Près de 7 000 chasseurs évoluent en Lozère, l’assemblée générale est donc un moment fort de la fédération. Elle vient clôturer douze réunions de secteurs « aux discussions riches et animées », souligne André Thérond, président de la FDC48. Avant d’entamer son rapport moral, celui-ci a tenu à souligner l’importance que les chasseurs attachent à la sécurité lorsqu’ils pratiquent leur activité ; « pas d’accident de chasse cette année, la sécurité est l’affaire de tous ». Sans forcément être liée, sécurité peut aussi sous entendre modernité des pratiques, un aspect central de la loi sur la biodiversité impliquant « innovation, proximité et modernité des pratiques ». En considérant ce triptyque, André Thérond souhaite responsabiliser les acteurs concernés et surtout pousuivre le développement des partenariats, notamment entre chasseurs et agriculteurs. « Notre ancrage dans les territoires, notre expérience et nos connaissances ont permis de démontrer à plusieurs reprises qu’une chasse durable et maîtrisée était un levier indispensable au maintien, voire au retour d’une riche biodiversité. La mobilisation de l’ensemble des parties prenantes est une réalité pour relever les défis de la protection de la biodiversité. » Et de poursuivre en précisant : « Nous proposerons un renforcement des partenariats, un réequilibrage de la gouvernance de la nature, dans le respect des spécificités, dont celles de la chasse. Chacun doit être mis face à ses responsabilités. » La balle est ici passée au monde agricole. Premier point : les nuisibles. En collaboration avec la chambre d’agriculture, notamment pour les dégâts inhérents aux cultures pour faire court, un dossier a été monté pour établir la liste des nuisibles du 1er juillet de cette année au 30 juin 2018. « Nous sommes tenus de justifier la prédation dans les petits élevages familiaux, les dégâts et les pertes au niveau agricole », reprend-t-il. Les services du ministère de l’Écologie ont classé nuisibles le renard et la pie bavarde. Ils n’ont pas retenu la martre, la corneille noire et la fouine ; « pour ce dossier sensible, il faut une alliance entre les chasseurs et les agriculteurs, insiste André Thérond.

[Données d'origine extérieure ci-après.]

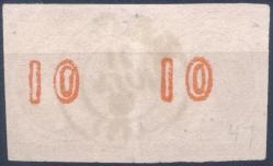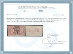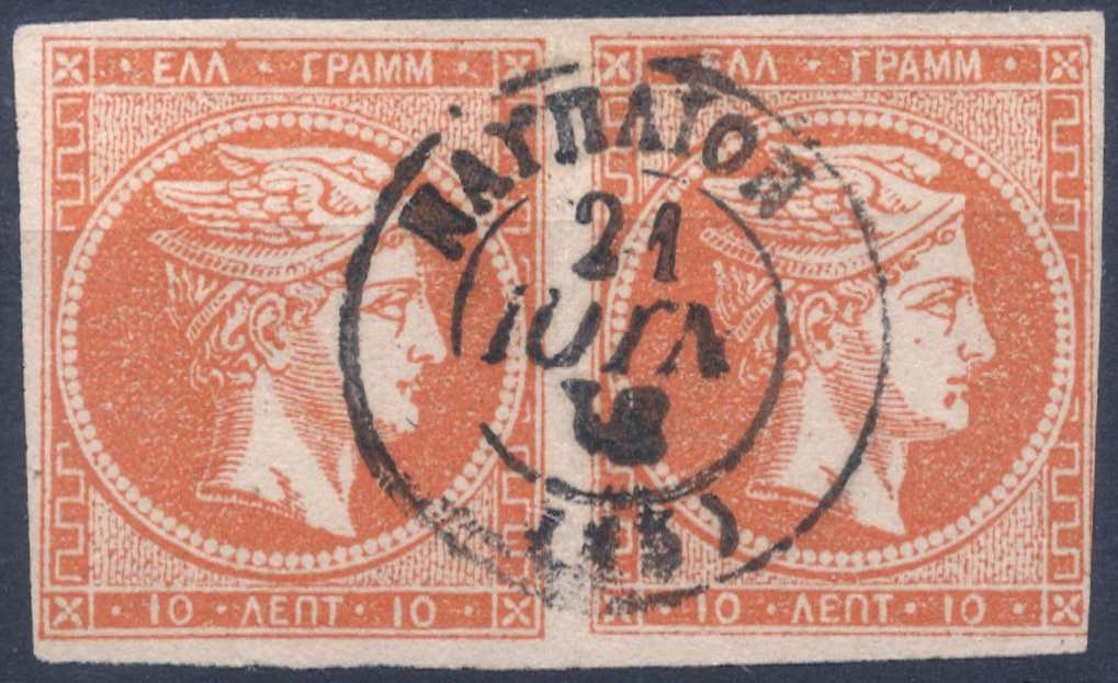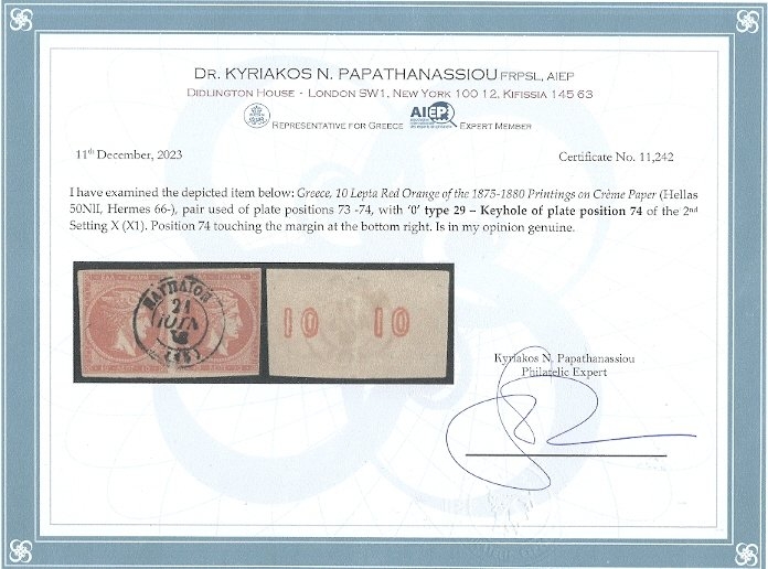Lot0245 - ΕΛΛΑΔΑ 1875-1880 10 λεπτά βαθύ κόκκινο-πορτοκαλί (deep red-orange), ζευγάρι, θέση πλάκας 73-74, στη θέση 74 '0' σε σχήμα κλειδαρότρυπας, συνοδεύεται με πιστοποιητικό Παπαθανασίου ☉/bl2

Et il nous faut le soutien de nos parlementaires. »

La suite dans le Réveil Lozère, page 4, édition du 16 avril 2015.

Le chamois
Christine Valetin a souhaité « rétablir une vérité » en évoquant un sujet sensible pour la FDC : la réintroduction du chamois. « La chambre n’est ni pour ni contre cette réintroduction. Elle s’est dite sceptique parce que le chamois fait les frais de plusieurs exemples de réintroduction qui n’incombent pas aux chasseurs mais dont les suivis de population ont été mal gérés. » L’arrêté de réintroduction est pour l’instant suspendu André Thérond a néamoins précisé que la FDC « poursuivait son projet ».